Guess what. Yesterday I told Andrew that since I am going to have two parties that means I will turn eighth twice. This makes me sixteen. Sixteen is a very wonderful age. I asked my mother if I could have a sweet sixteen party, and she said no, not until I am actually sixteen. I pointed out that when I am sixteen and have two sweet sixteen parties I will turn thirty-two, and Mommy said, “Just think. When you are seventy-nine, you will turn one hundred and fifty-eight. Won’t that be something?” Mommy does not always take me seriously. I knew then that she would not let me have a sweet sixteen party. Not yet. So I just planed two regular eight-year-old parties. But I could not stop thinking about being sixteen years old.

“Karen,” said Mommy one morning, “have you made your birthday list yet? I would like to get your presents. Your father would probably like a list too.”

Well, for heaven’s sake. Do you know what?

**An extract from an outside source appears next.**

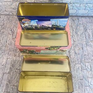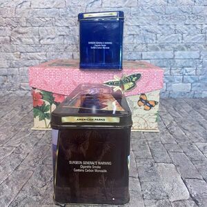 Each tin size is: 10" Length, 4-1/2" Height, 3-3/4" Width. Originally held a carton of cigarettes (10 Packs). These do have some wear to them. Please inspect pictures carefully before purchasing. The lid for the blue one is comes completely off.

I had not even thought about my birthday lists. I had been too busy thinking about turning sixteen.

“I have not made them yet!” I cried. “I forgot. But I will make them right now.”

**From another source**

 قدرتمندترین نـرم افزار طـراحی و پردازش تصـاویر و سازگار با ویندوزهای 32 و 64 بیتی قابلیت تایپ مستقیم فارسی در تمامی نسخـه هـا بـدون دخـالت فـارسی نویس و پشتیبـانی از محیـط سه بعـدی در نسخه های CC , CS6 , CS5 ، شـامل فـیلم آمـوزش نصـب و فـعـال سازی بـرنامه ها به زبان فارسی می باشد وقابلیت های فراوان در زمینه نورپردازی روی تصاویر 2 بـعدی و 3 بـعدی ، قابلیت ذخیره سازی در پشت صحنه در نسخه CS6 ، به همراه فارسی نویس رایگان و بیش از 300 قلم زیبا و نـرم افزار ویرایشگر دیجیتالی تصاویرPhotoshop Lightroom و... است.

I ran upstairs to my room. I sat down at my desk. I found a pad of paper and my pen that writes in three colors. I chose pink. I decided to make the list for Mommy first.

I made a list of things I was pretty sure Mommy could get for me—a scrapbook, a sweatshirt, a glitter-art kit. It is always better to make a list like that. One year I asked for a go-cart, a playhouse, a kitten, and my own TV. That was silly. Mommy could not get me those things, so then she just had to guess what I wanted.

I put Mommy’s list aside and started Daddy’s. The last two things on Daddy’s list were:

Swing set for the backyard? (we could all enjoy it) bedtime 1/2 hour later

I looked at my two lists. I thought about them for awhile [sic]. Then I started a third list. I just could not stop thinking about turning sixteen. On top of that third piece of paper I wrote:


I stared out the window and thought for awhile [sic]. Bedtime one-half hour later was fine, but what I really wanted was to stay up all night.